Is sponsorship doomed?

Just read the chat event with Jared from Hero Interactive at Flash Game License. In the middle of a lot of questions and answers, one thing popped up. He said that he believes the current sponsoring model will move more towards a licensing model.

A typical flash developer would probably think that this is a bad thing, since exclusive and primary deals are probably the highest paid deals around. Let’s see what this means from a pure business perspective.

Here’s the math, round low numbers for clarity.

With exclusive sponsorship = $100

Imagine that you get an offer of $100 for an exclusive sponsorship. What this means is that you will get $100 and that’s it, maybe some advertising if the sponsor allows it. Your game will be on 500 sites in a month, the sponsor will get all the juicy traffic and that’s about it.

With primary sponsorship = $150

Many developers opt, if they can, for a primary sponsorship. That usually brings a nice sponsorship deal for a lower price, let’s say $75 and the power for the developer to sell site-locked licenses. For calculations, let’s imagine that you would sell 3 site-locked licenses for $25, so that’s an extra $75. The game would go to the same 500 sites, maybe some more cents from advertising.

Pure licensing model = $500

Let’s start with the basic of this. The game would NOT be distributed in 500 sites. The game would be licensed to any site that paid for it.

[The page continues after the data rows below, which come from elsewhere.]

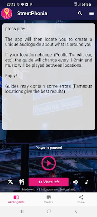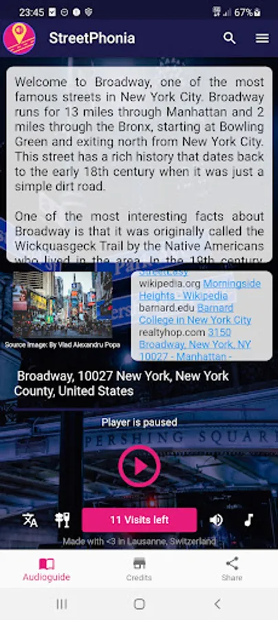 As you move, StreetPhonia generates short audio descriptions of your surroundings and displays the text on your device's screen while it is read aloud by a natural AI voice. The tours are created using information sourced from the internet and are available in multiple languages, making StreetPhonia a truly global tool.
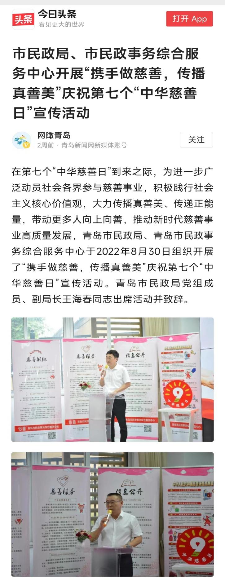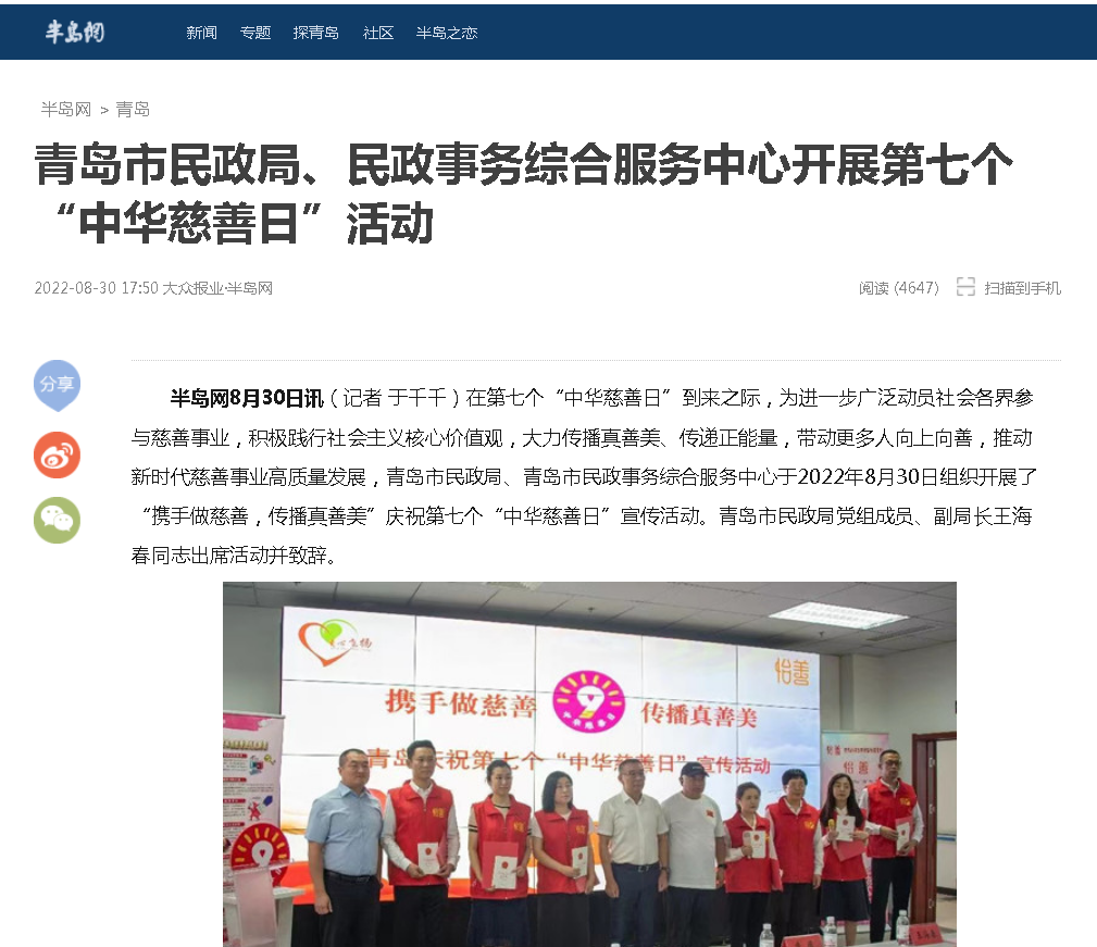 半島網2022-8-30:青島市民政局、民政事務綜合服務中心開展第七個“中華慈善日”活動
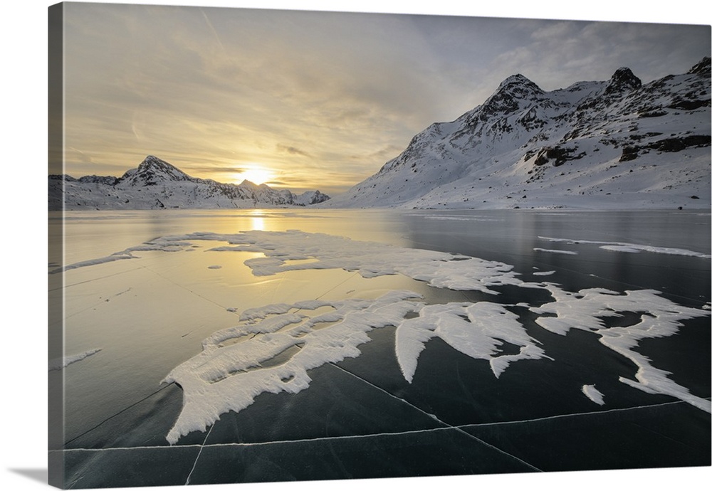 <p>The frozen surface of Lago Bianco framed by snowy peaks at dawn, Bernina Pass, canton of Graubunden, Engadine, Switzerland</p>
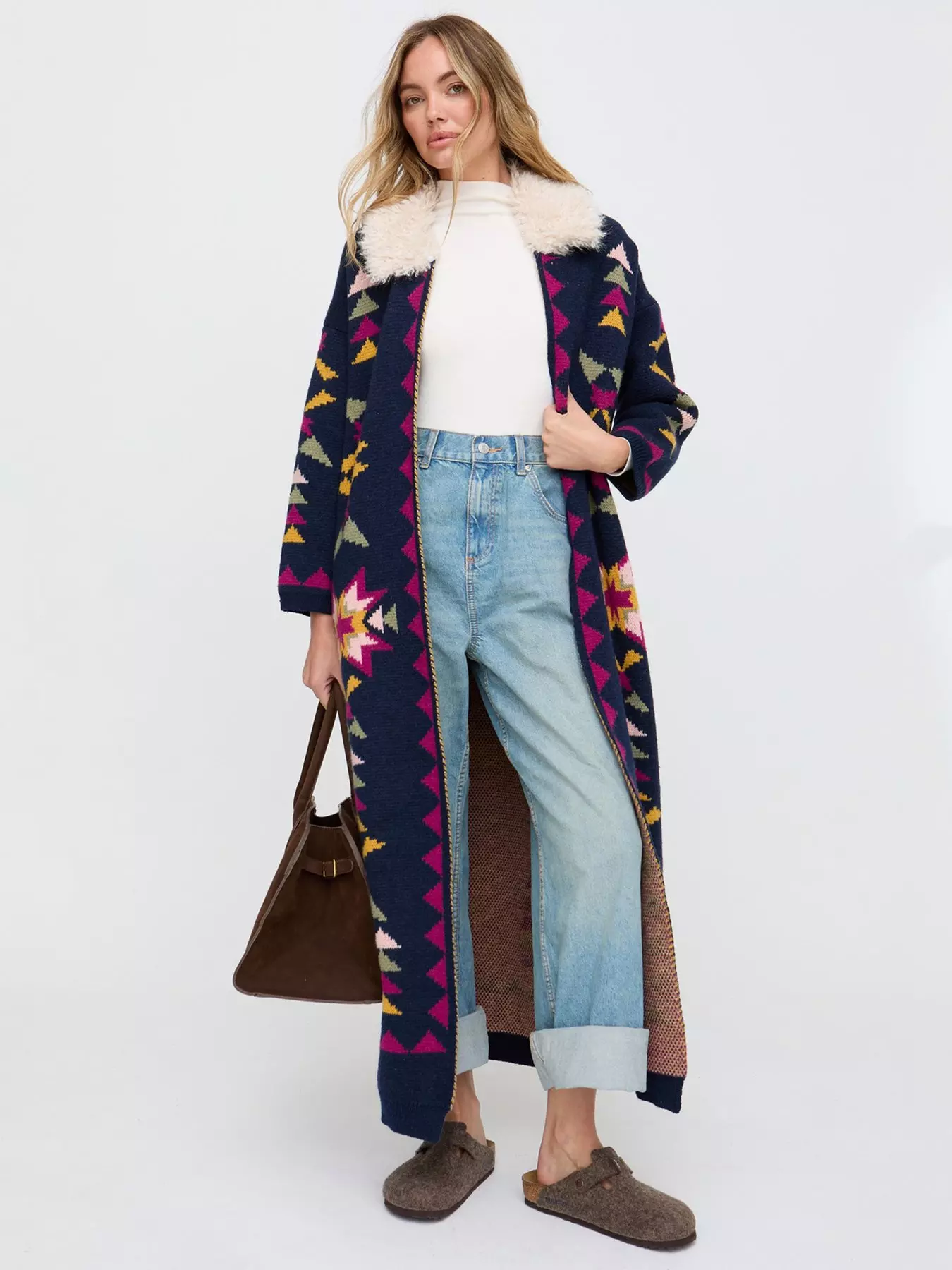 RaffyaCathy Jacquard Long Line Cardigan In Navy

Imagine this: only 20 sites would have the game, but each would pay $25. This is $500 right there. You can argue that portals can do this right now if the game has a primary sponsorship, but they don’t. Why? Because they can have the games for free. The beauty of licensing is that the game is not really freely distributed, but licensed for use.

What’s the big picture?

Well, this could change things a lot. First and foremost, this could mean either the rise or fall of advertising networks as we know it. Rise because portals that couldn’t license games would have to accept advertising not matter what. Fall because the high traffic portals would simply close down any external advertising offer.

This would also benefit more the big developers over the small ones. There would be more money going for developers but the offer would be uneven.

But I see this as a possible change in the business model. A change that is necessary since the right money is not going to the right pockets right now.